Pictures are not part of the answer. Return the lines from the one containing "Fortron UPS FSP" through the end of the data, both included, exactly as they appear.

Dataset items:
━━━━
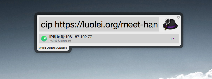 Alfred3:使用最多的几个功能:翻译,查 IP 来源,自己还写了一个查 IP 的插件 Alfred 域名 IP 速查。
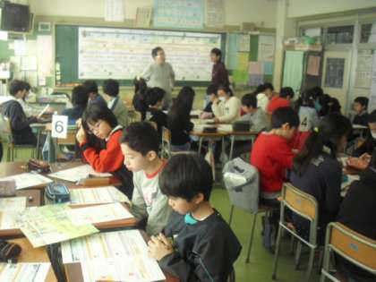 19日(木)6年生は(財)日本経済教育センターから2人の講師の方に来校していただき、生きる力を育む経済教育「今日から私もすし経営」を行いました。班に分かれ、お店の名前を決めたり、駅前か郊外どちらに作るのがよいのか、利益を増やすためには2つの作戦について選択・決定をしていきます。最後に1年後の結果は?授業を通して子どもたちは、私たちの社会では思ってもいなかったことが起きることや自分で選択して決定したことは自分に責任があること、使えるお金や時間は限りがあることなど学ぶことができました。
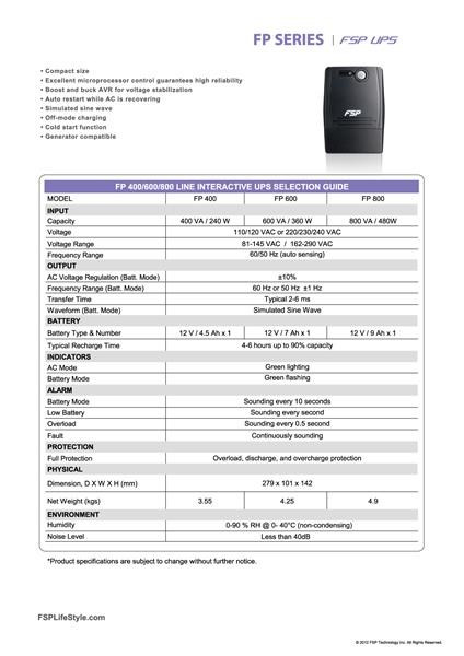 Fortron UPS FSP FP 800, 800 VA, interaktívna linka
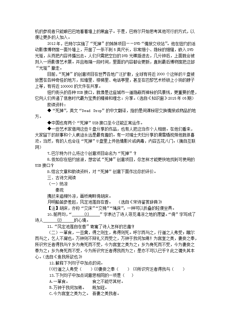 【文档名称】 2015浙江省丽水市中考语文真题及答案(Word版).doc
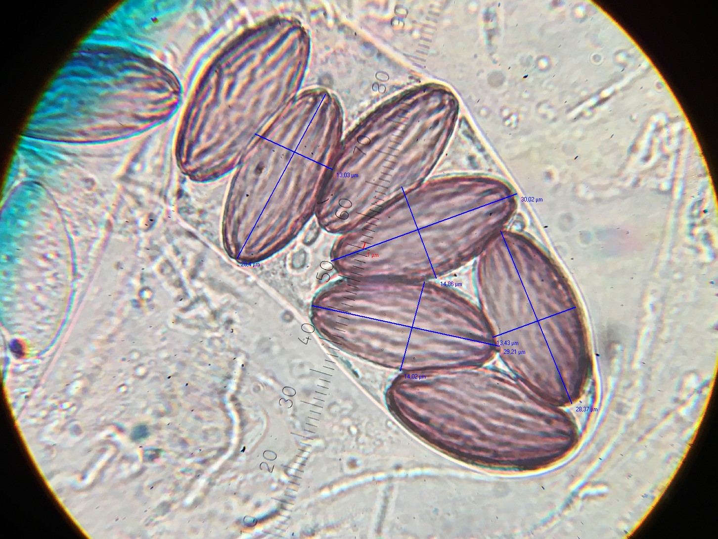 Sporen: 28,3-30,4 x 13,3-14,9 µm
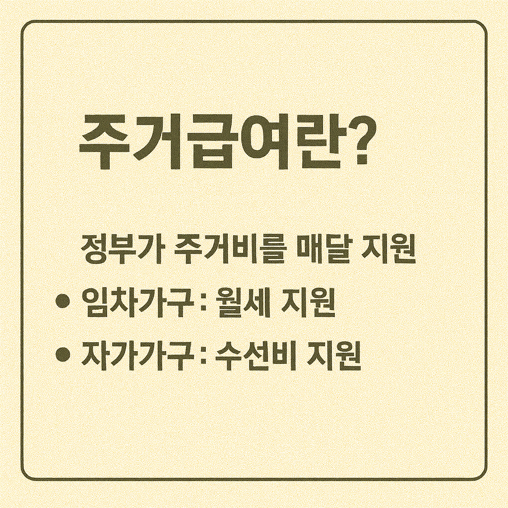 2025년 기준 개편된 주거급여 신청자격과 지원 내용을 한눈에 정리했습니다. 제도 개요, 소득·재산·주거요건, 신청 절차와 지급 금액, 수선비용까지 최신 정보를 담았습니다.1. 주거급여란? 제도
━━━━
▸ **Answer box**
 Fortron UPS FSP FP 800, 800 VA, interaktívna linka
 【文档名称】 2015浙江省丽水市中考语文真题及答案(Word版).doc
 Sporen: 28,3-30,4 x 13,3-14,9 µm
 2025년 기준 개편된 주거급여 신청자격과 지원 내용을 한눈에 정리했습니다. 제도 개요, 소득·재산·주거요건, 신청 절차와 지급 금액, 수선비용까지 최신 정보를 담았습니다.1. 주거급여란? 제도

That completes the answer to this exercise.